Syzbot has many types of bugs that it reports. To note a few, it can report bugs triggered by the BUG() and WARN() family of macros used across the kernel,slab-use-after-free using the KASAN (Kernel Address Sanitizer) , uninit values using the KMSAN (Kernel Memory Sanitizer) , memory leaks with Kmemleak and many more. In the limited time that I had during the mentorship, I have attempted many types of bugs to try and deduce a pattern. Spoiler, there are no patterns (almost).But there is a degree of difficulty for each type (of course it also depends on the specific bug but this is a more of a generalized view) . From my little experience around those bugs and for the available skills that I have, I found that memory leaks and KMSAN bugs are usually easier than other bugs given that you are very comfortable with gdb and that’s mainly because concurrency isn’t the cause of said bug most of the time or at least for most of the ones that I have attempted.For those reasons I have attempted memory leak and KMSAN bugs more than others after the initial phase of exploration.

First steps to fixing a bug

First, you should choose a bug of a subsystem that you are most familiar with. If you have no familiarity with no subsystem, I highly recommend trying to contribute to the selftests of such subsystem, read some documentation or read a relative book to that subsystem (In the context of kernel development, reading books is just good to give you a history or a more generalized view of the code base.Since the kernel is always updating and changing, it’s hard for books keep being update to date for what is currently available in the source code.) if it isn’t a highly updated one and then try to fix a related bug to that subsystem.This isn’t a rule but it really helps and makes it easier to navigate and understand some of the moving parts at least those that are around the bug that you are trying to solve.

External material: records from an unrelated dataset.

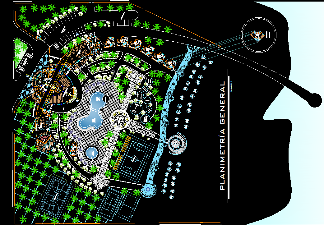 The Hotel Design AutoCAD DWG Drawing presents a detailed master plan for a modern resort or luxury hotel complex. This architectural drawing includes a complete site layout featuring the main hotel building, swimming pools, landscaped gardens, sports courts, parking areas, and a connecting pathway to waterfront facilities. The design is optimized to balance functionality and aesthetics, offering an elegant composition of open spaces and structural zones. The detailed layout ensures efficient circulation, comfort, and a visually appealing outdoor environment.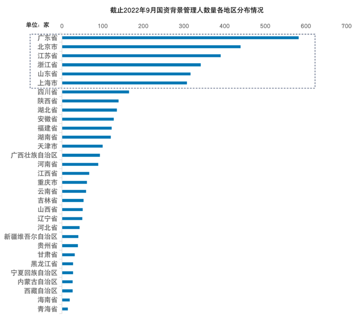 国资背景管理人地区间数量差异较大,数量最多的三个地区总数分别为583家、440家、391家,数量最少的三个地区总数分别为15家、20家、27家。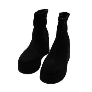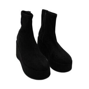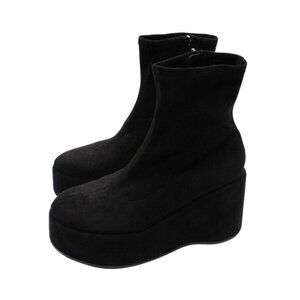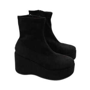 Wild Pair Womens Black 2 Platform Padded Earlee Round Toe Wedge Zip-up Heeled Bo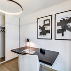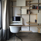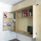Inspiration för ett funkis arbetsrum, med vita väggar, ljust trägolv, ett inbyggt skrivbord och beiget golv — Houzz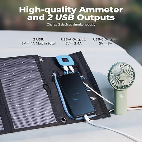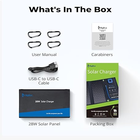 Thông tin sản phẩm BigBlue 28W Portable Solar Charger 2-Port USB(5V/4A total), IPX4, Solar Panel with Digital Ammeter and Zipper for Protection - for Recharging USB Devices -iPhone Android GoPro etc.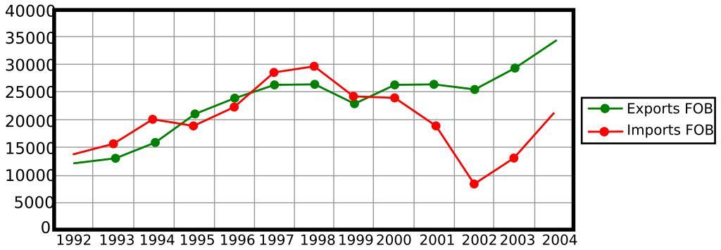 | Keywords: Argentina trade chart.svg en A chart showing the amount of exports and imports of Argentina from 1992 to 2004 Note the slight trade surplus in 1995 and 1996 with trade deficit elsewhere until the recession and the Argentine economic crisis of 2001 followed by currency devaluation produced a sharp drop in imports I Premeditated Chaos re-drew this chart as an SVG from the original chart created by the wikipedian Pablo D Flores en User Pablo-flores which uses statistical data from the http //www indec gov ar INDEC The author released his original into the public domain and I release this SVG version into public domain as well or any similarly rights-free license 2012-01-28 File Argentina trade chart png Premeditated Chaos cc-zero Check categories 2012 January 29 en wikipedia Foreign_trade_of_Argentina 5 Economy of Argentina Uploaded with UploadWizard International trade International relations of Argentina Government of Argentina |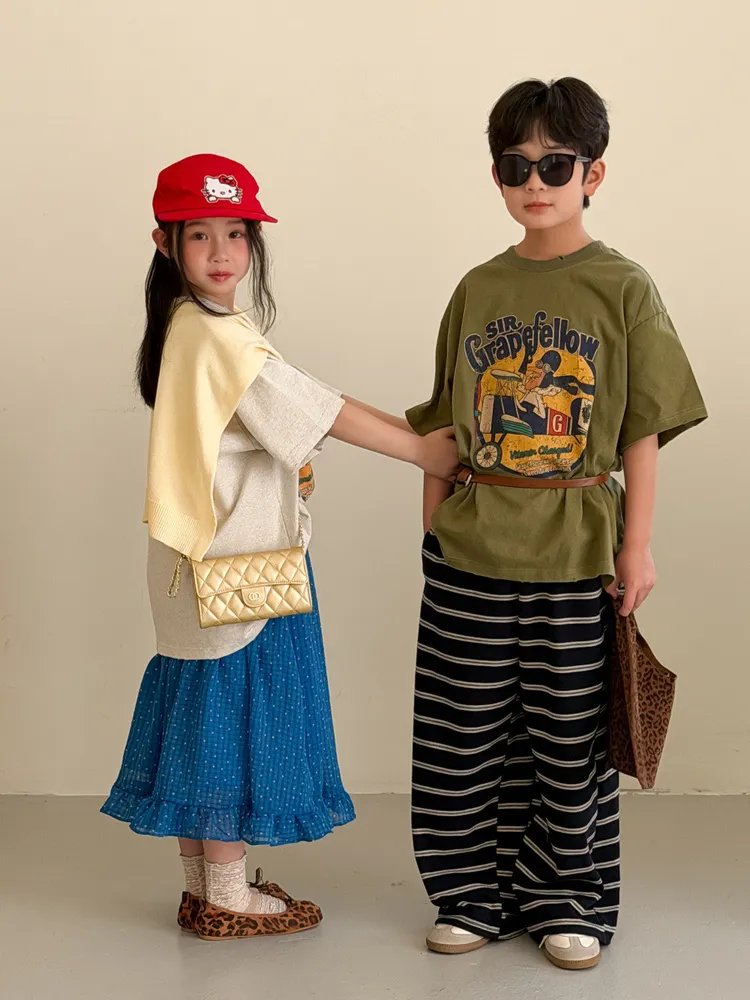 材質:95%棉💡試穿報告 👦🏻model身高135cm 體重30kg 拍照穿140碼 👧🏻model身高125cm 體重26kg 拍照穿130碼 🌟版型寬鬆無需再大一碼可參考下方詳細尺寸表手工測量存在1-3cm誤差屬正常非瑕疵。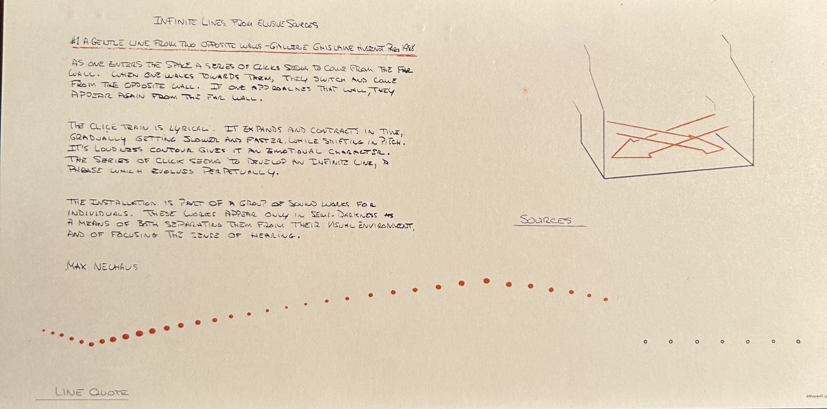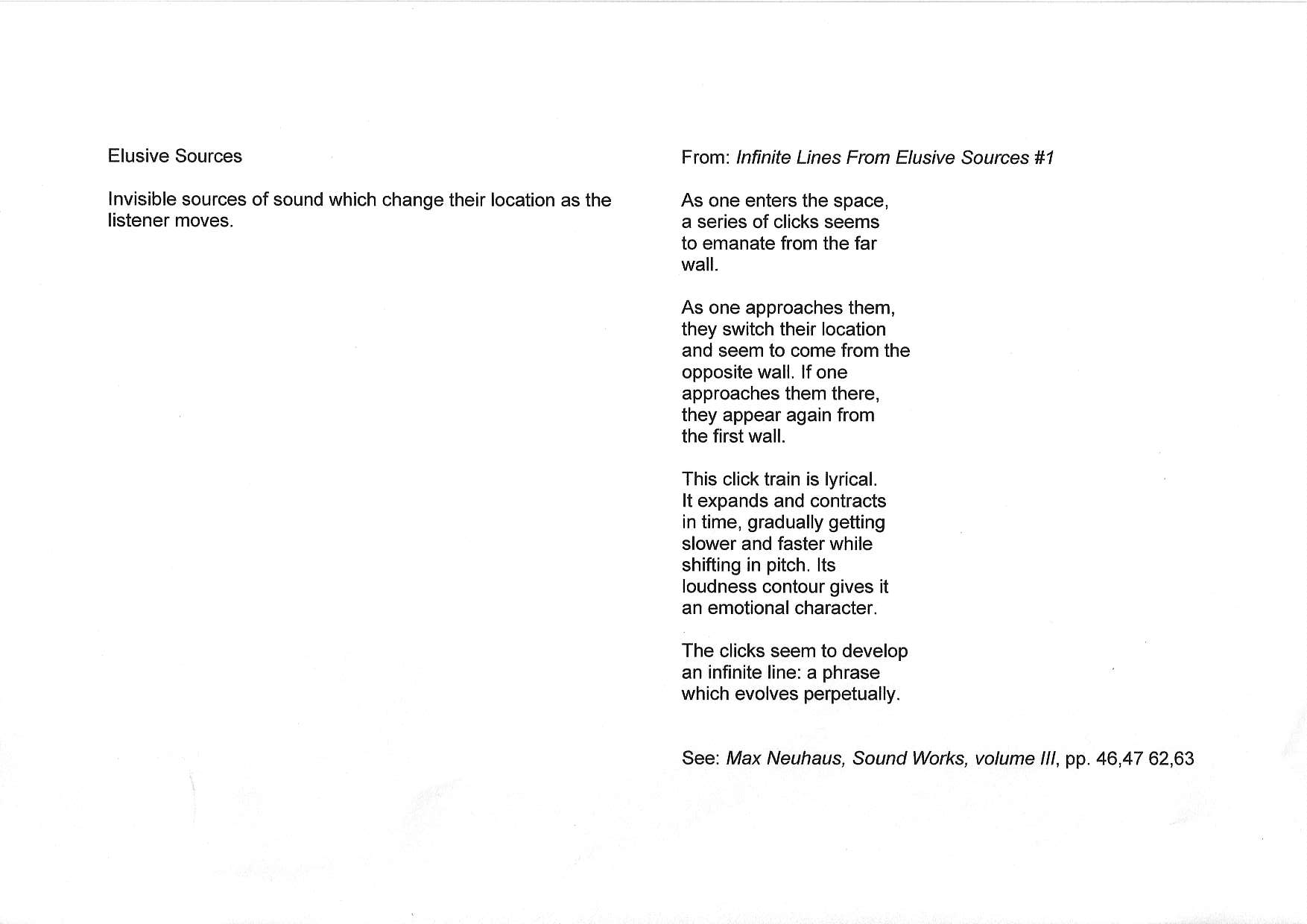 Drawings in: Max Neuhaus, Elusive Sources And "Like" Spaces. Giorgio Persano Turin: 1990. Catalogue

Second, you need to be able to reproduced your chosen bug locally. If you don’t have the hardware or for one reason or another , using the syz/C reproducers didn’t trigger the bug, you should abort working on a fix said bug (Here I’m only talking about us fellow mentees and beginners. Other experienced contributors and experts of a subsystem might attempt to fix a bug without a reproducer and have their fix tested for them.) . Finally, Try to look at other similar bugs that are of same type for the same subsystem which are fixed. Read the related email, the patch and the discussion between maintainers and the author of the patch. That also is a really good way to help you have an idea of how to approach your bug and maybe on how to also fix it.

Our case study

The syzbot bug in question here is the memory leak in hfs_init_fs_context. Since as I mentionned in my mentorship post, I have read the OSTEP book which gave me a general idea of how filesystems work. So naturally, most of my syzbot bug attempts were in the mm and fs subsystems. Previous attempts have failed mainly due to someone else submitting a fix before I can quickly craft one myself due to my lack of experience.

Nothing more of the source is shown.